Su qualsiasi manuale di storia contemporanea si potrà notare come fin dai tempi dell’impero zarista la Russia ha sempre cercato di estendersi nel Mediterraneo e di stabilire nei porti europei una qualche roccaforte economica, cercando sbocchi che molto raramente, e spesso per poco, è riuscita a crearsi. Ed anche oggi la situazione è pressoché la stessa. Molto sinteticamente, la Russia sta perdendo influenza nel Mediterraneo per quel che riguarda i gasdotti e sta quindi puntando al crocevia petrolifero che ha in Libia una delle sedi maggiori e strategiche. E il singolare compagno di sventura di Vladimir Putin è il Presidente turco Erdogan. Le difficoltà sono cominciate con l’inaugurazione di un gasdotto, l’EastMed, che collega Israele all’Italia, passando per la Grecia e Cipro, due storiche roccaforti mediterranee dell’influenza russa in Europa. L’EastMed mette in difficoltà anche la Turchia, che quindi si trova ad avere una improvvisa comunanza di interessi con la Russia, nonostante le sia contrapposta in territorio libico dal momento che, insieme all’Italia e all’Europa, sostiene il governo nazionale di Al-Sarraj. Mentre Putin, pur con qualche tentennamento, di cui è emblematica la scelta di non impiegare direttamente l’esercito ma le milizie “ufficialmente indipendenti” Wagner, sostiene sia diplomaticamente che economicamente Khalifa Haftar. E quasi un mese fa questi due “falsi rivali” hanno inaugurato in Turchia un oleodotto che collega Ankara a Mosca. Ma Putin sembra non voler puntare tutto sui gasdotti,

che evidentemente avverte sminuirsi come arma economica e strategica, ed ha quindi puntato gli occhi sulla città di Tobruk, sulle coste orientali della Libia, oggi in mano ad Haftar. Colonia prima greca e poi romana, Tobruk è stata durante il primo Novecento oggetto di contesa tra le forze britanniche e quelle dell’asse nazifascista, ma è diventata strategica nel Mediterraneo solo dopo che negli anni 60 sono stati scoperti degli importanti giacimenti petroliferi.

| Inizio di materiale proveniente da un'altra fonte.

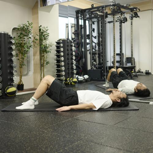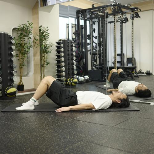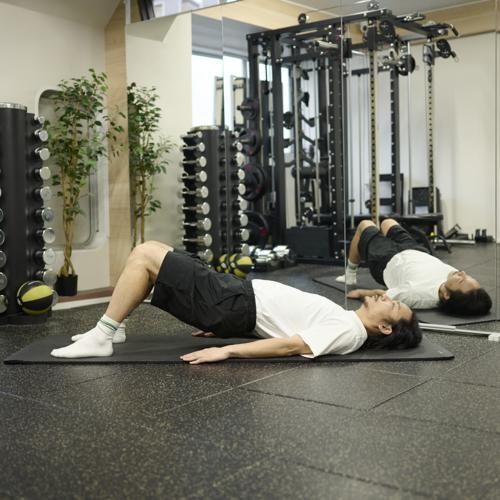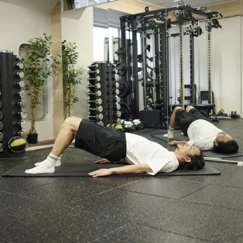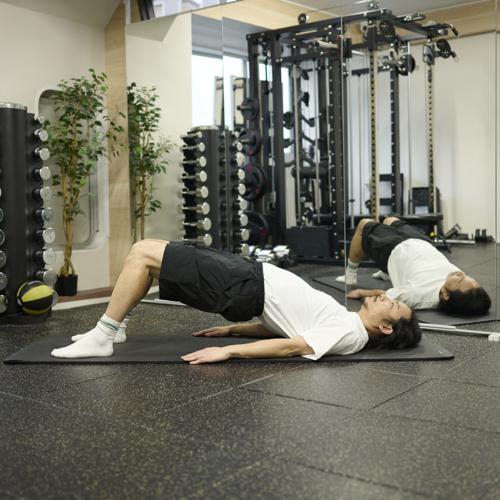 ヒップリフトは、お尻を中心に背中下部も鍛えられる自重種目です。腰からお尻を一直線に保つことで、正しい筋肉に刺激が入り、安全にトレーニングできます。
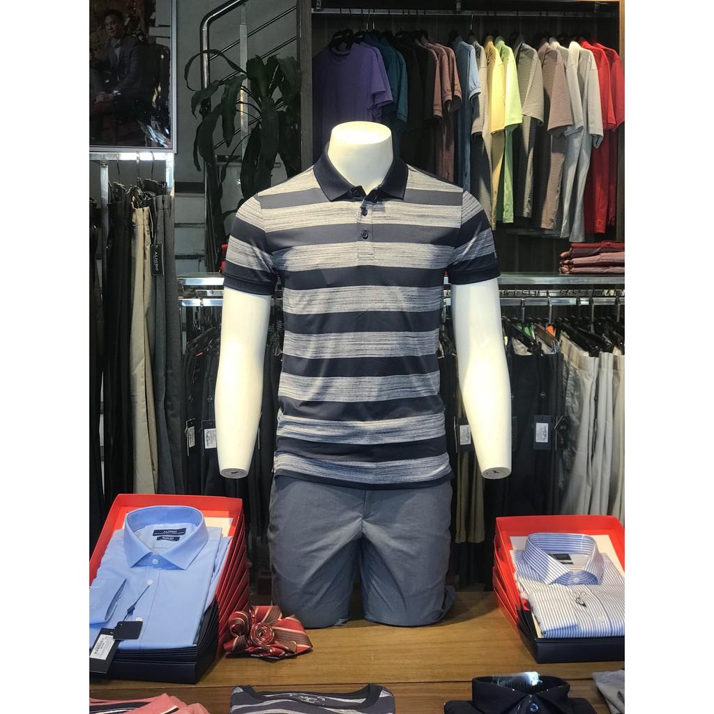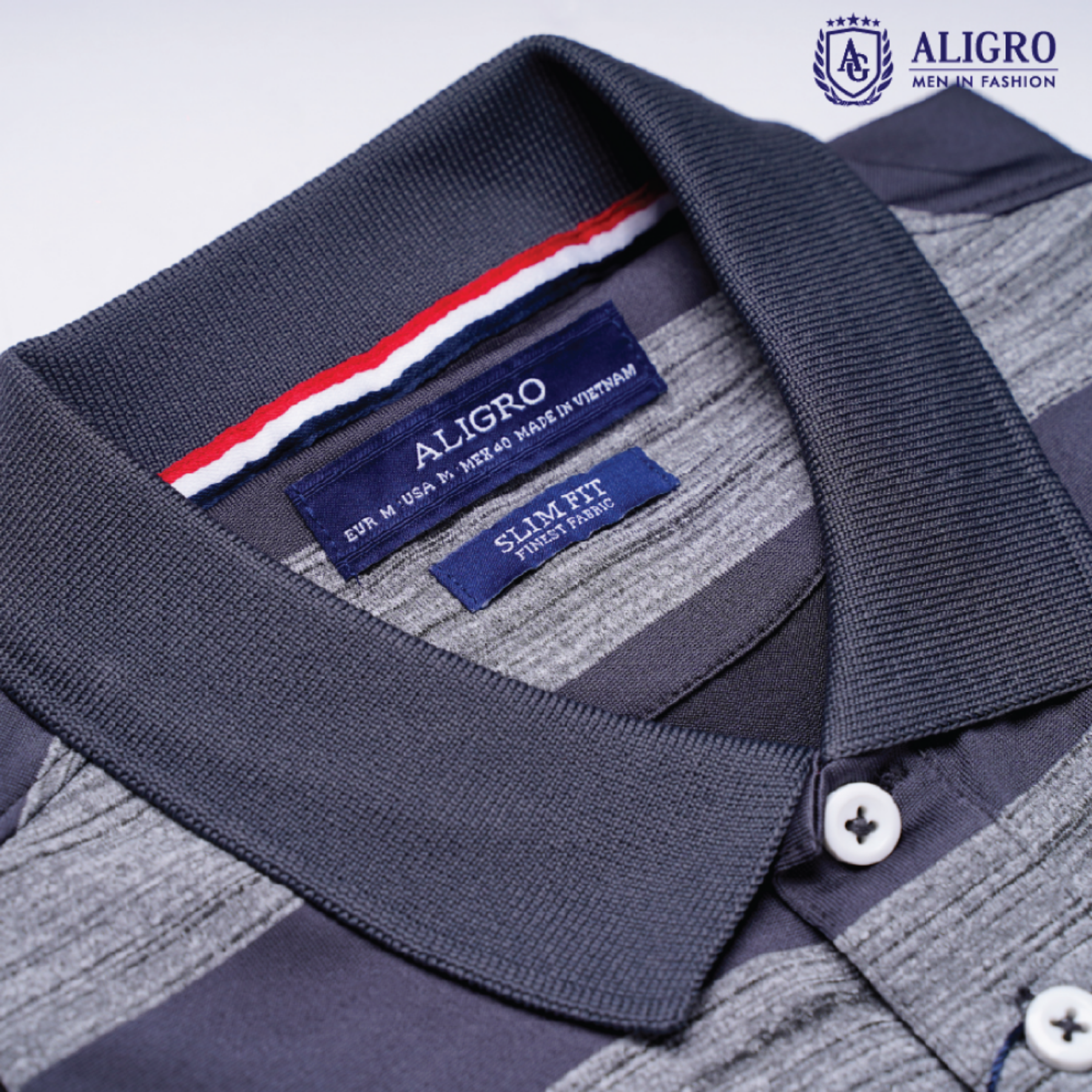 ✨Áo thun polo nam cộc tay kẻ ngang màu xám aligro ALGPLO58

Oggi è uno dei maggiori terminali di oleodotti della costa araba. Putin punta a stabilire una base di influenza proprio in questa città ed è a questo che, principalmente, si deve la scelta di sostenere Haftar. Anche se Russia e Turchia stanno lentamente virando verso un “cessate il fuoco” che possa stabilizzare la situazione libica e garantire loro uno sviluppo più sereno dei propri piani. Durante la presentazione del gasdotto Turkstream di cui si parlava prima, Putin e Erdogan hanno entrambi chiesto congiuntamente che si arrivasse ad una tregua tra i due contendenti libici. Al-Serraj ha subito fatto sapere che sarebbe disponibile ad una tregua, mentre Haftar si è rifiutato di scendere a compromessi con il Presidente di Tripoli, probabilmente per la stessa ragione per cui il primo ha accettato: al momento le forze del generale appoggiato da Putin sembrano avere buone prospettive di far cadere la capitale e sconfiggere definitivamente Al-Sarraj. Ma alla conferenza di Mosca in cui Putin non è riuscito a convincere il generale Haftar a firmare una tregua è emerso uno scenario poco confortante per il presidente Russo. Nonostante gli ingenti prestiti che gli ha concesso, e su cui spera di far leva una volta finita la guerra per avere la base di Tobruk, sembra che l’influenza che si pensava il Cremlino esercitasse sul rivale di Al-Sarraj sia meno forte e vincolante del previsto. E Vladimir Putin, si può dire, è forse per la prima volta in seria difficoltà dal punto di vista geopolitico. Certamente il fatto che nessun paese sia ancora riuscito ad esercitare una tanto agognata influenza determinante sulla Libia è specchio della complicatezza di questa guerra civile dal punto di vista militare e diplomatico.